The inference processes of advanced machine learning models—such as NNs—are considered black boxes, and machine learning models lack interpretability. In this context, a black box refers to a situation where, although feature activations can be observed physically, the actual phenomenon cannot be understood. That being said, safety-critical systems must exhibit interpretability and transparency. The interpretability of machine learning models has been well-researched recently and there are several methods for addressing it. LIME (Ribeiro et al. 2016) is one of the most well-known methods for improving interpretability. It derives a simple interpretable model to explain the behavior of an original model around a given data point. NN visualization (Grün et al. 2016) also shows great promise to improve interpretability. Object detectors emerging in deep scene CNNs is an NN visualization that intentionally performs occlusion on input data and specifies the region where the inference result changes drastically as a region of interest (Zhou et al. 2015; Zhou and Khosla et al. 2016); another method back-propagates activation values from the influencer nodes during the subsequent feature extraction process to identify the region of interest (Zeiler and Fergus 2014) and generate heat maps (Shrikumar et al. 2016; Binder et al. 2016; Montavon et al. 2017; Simonyan et al. 2014) for convolutional NNs. Further, interpretability is also useful for performance improvement, debugging during training, and validating of training results. Developers can understand the internal behavior of a trained NN to train higher performance models (Kuwajima et al. 2019). For example, a developer can visualize an NN’s focus points for an incorrect inference and understand what was wrong, before additional training data is collected according to the analysis. If a machine learning model outputs an incorrect inference, but the visualized focus area is natural for humans, then an inaccurate ground truth label is suggested.
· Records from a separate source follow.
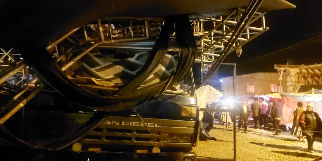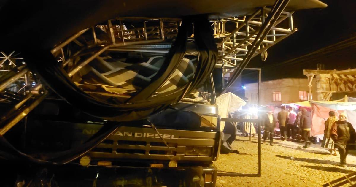El escenario de una fiesta patronal se desplomó y dejó heridos. El hecho se registró en la zona Alto Irpavi, en la ciudad de La Paz. Una persona que transitaba por el lugar registró en un video el momento exacto del incidente.
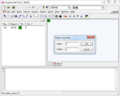 3、编辑图片:插入图片,用来选择默认图片大小的比例,在区域窗口中添加ASCII 0~127,添加任意大小的图片。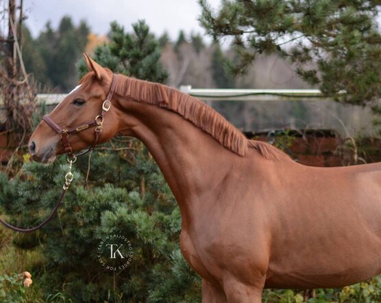 Кобыла. Голландской теплокровной породы. 173 см в холке. 2021 года рождения. По отцу от Edelson x Zhivago x Gribaldi, По матери от World Diamond O x Rotspon x Lauries Crusador.
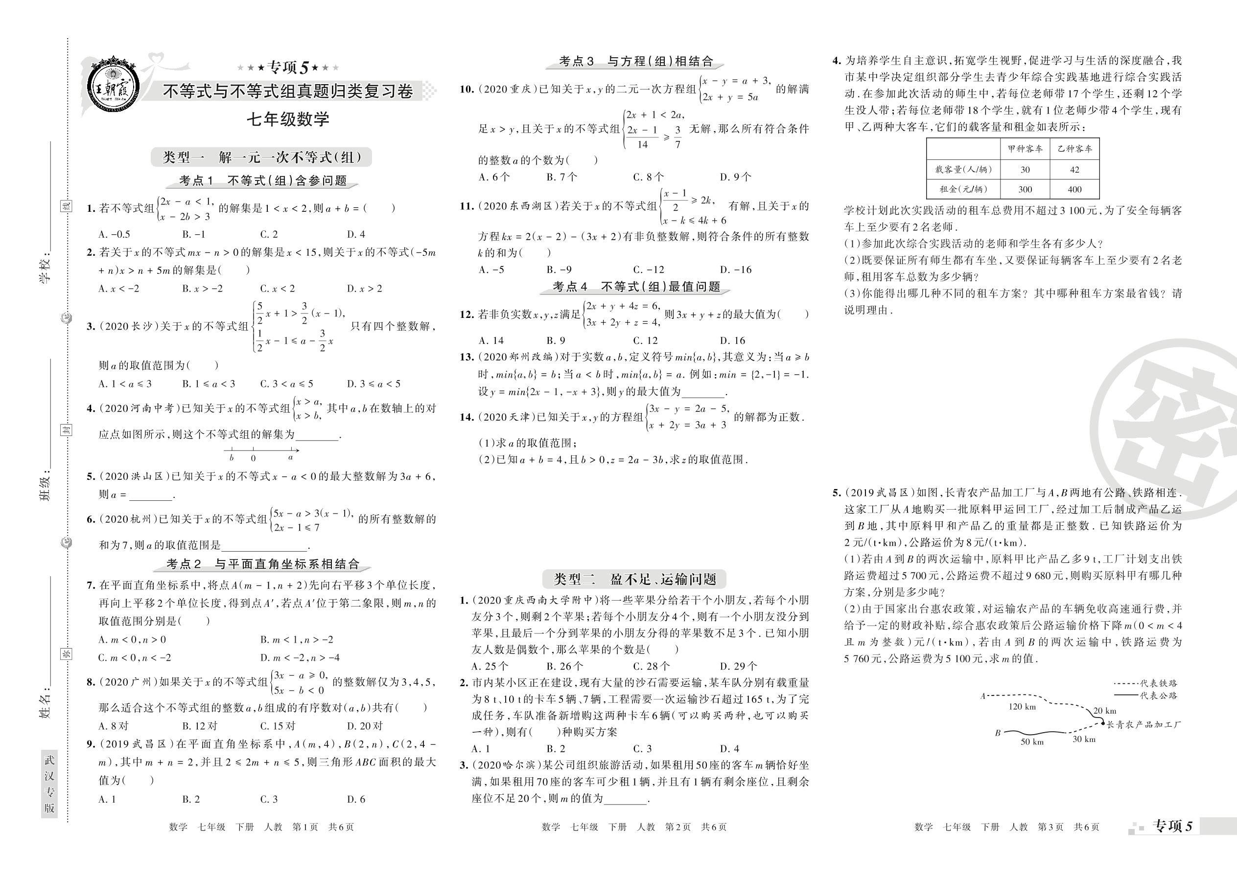 王朝霞期末专项卷——不等式与不等式组真题归类复习七年级下册数学(人教版)【0】

3.3.1 Related works and research directions for verification of machine learning models

In the field of theoretical computer science, the automatic design verification (Lam 2008) based on formal verification technologies for certain properties, such as safety and liveness (Garcia 2006), makes the verification of a machine learning model possible. Several automatic verification techniques exist for NNs and we categorize them here. The initial categories are function and decision problems. The former quantifies the degrees of properties, while the latter identifies if the properties are satisfied in a machine learning model. Related works for function problems address adversarial frequency and severity (Bastani et al. 2016) as well as maximum perturbation bound (Cheng et al. 2017), referring to the frequency of AE found, the expectation of the closest AE, and the maximum absolute value of the perturbation of inputs that do not change the outputs, respectively. Decision problems are further subdivided into verification and falsification, which seek a complete proof and counterexamples by best effort, respectively. Related works of verification are global safety (Pulina 2012), local safety (Pulina 2010), \((\epsilon , \delta )\)-robustness (Katz et al. 2017), and \((x, \eta , \delta )\)-safe (Huang et al. 2017). Global safety is output bound, and local safety is the consistency of inference among close data points. A related example for falsification is the CNN Analyzer (Dreossi et al. 2017, 2019). It identifies counterexamples against the signal temporal logic (Donzé 2013) properties of in-vehicle automated driving systems and counterexamples of object (vehicle) detection by convolutional NNs. Further, Reluplex (Katz et al. 2017) is a solver used to both verify and falsify first-order propositional logics (Andrews 2002) against NNs using Rectified Linear Units (ReLU) (Nair 2010) for activation functions. Reluplex is an SMT (satisfiability modulo theories) solver (De Moura 2008) to verify properties of deep NNs or provide counterexamples against them by utilizing the simplex method (Dantzig 1987) and the partial linearity of the ReLU function. Dependability metrics set for NNs is a related work that proposes metrics such as scenario coverage, neuron activation pattern, interpretation precision for RICC (robustness, interpretability, completeness, and correctness) criteria (Cheng and Huang et al. 2018).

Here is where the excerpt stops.